Return the data exactly, without pictures.

*** Opening Available data ***

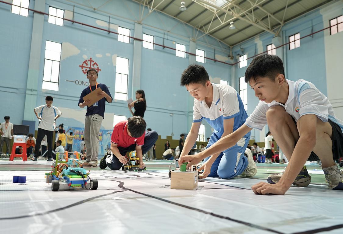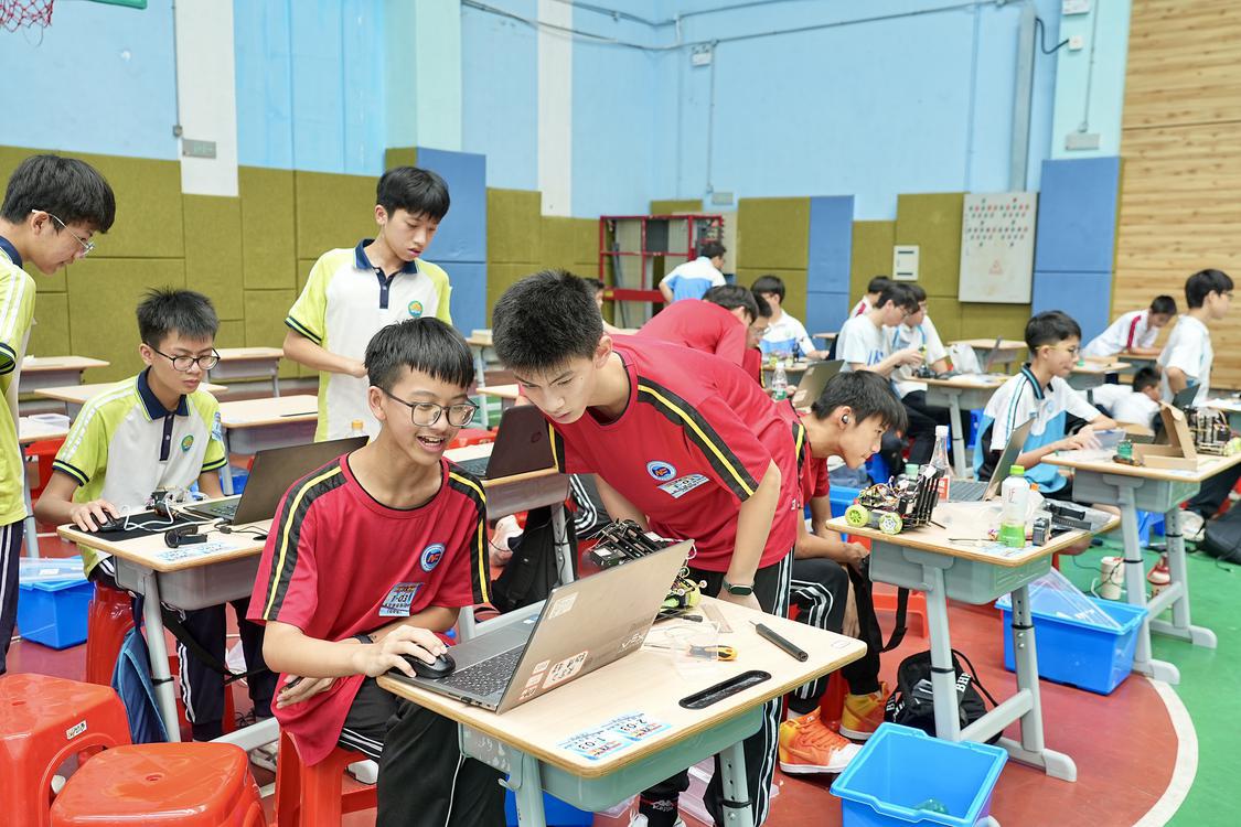 南海区灯湖中学初二学生阮永轩第一次参加机器人竞赛,在赛前调试阶段遇到了难题。他们发现地图有些褶皱,让传感器无法精准识别,导致设定好的程序没办法正常运行。于是,阮永轩和队友短暂讨论后,决定改变机器人的形状,整体提高车辆底盘的高度。“这次比赛不仅提高了我的随机应变能力和创客技术,也让我对机器人和人工智能领域的内容更加感兴趣。”阮永轩说,他以后会积极参加科技竞赛活动,探索科学的奥秘。
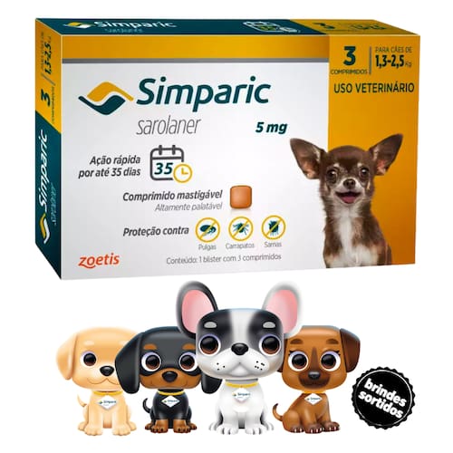 Simparic Antipulgas e Carrapatos Caes 1,3 a 2,5kg c/ 3 Comprimidos
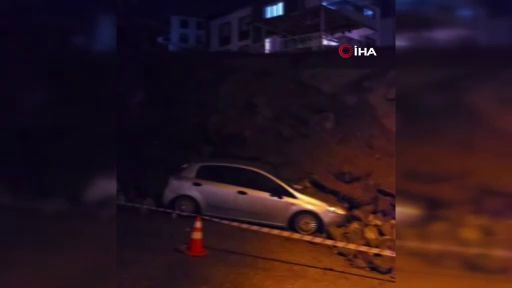 Mudanya’da gece saatlerinde yağışın etkisiyle istinat duvarı çöktü, park halindeki araç kullanılamaz hale geldi.

*** Closing Available data ***

Exercise output.
 南海区灯湖中学初二学生阮永轩第一次参加机器人竞赛,在赛前调试阶段遇到了难题。他们发现地图有些褶皱,让传感器无法精准识别,导致设定好的程序没办法正常运行。于是,阮永轩和队友短暂讨论后,决定改变机器人的形状,整体提高车辆底盘的高度。“这次比赛不仅提高了我的随机应变能力和创客技术,也让我对机器人和人工智能领域的内容更加感兴趣。”阮永轩说,他以后会积极参加科技竞赛活动,探索科学的奥秘。
 Simparic Antipulgas e Carrapatos Caes 1,3 a 2,5kg c/ 3 Comprimidos
 Mudanya’da gece saatlerinde yağışın etkisiyle istinat duvarı çöktü, park halindeki araç kullanılamaz hale geldi.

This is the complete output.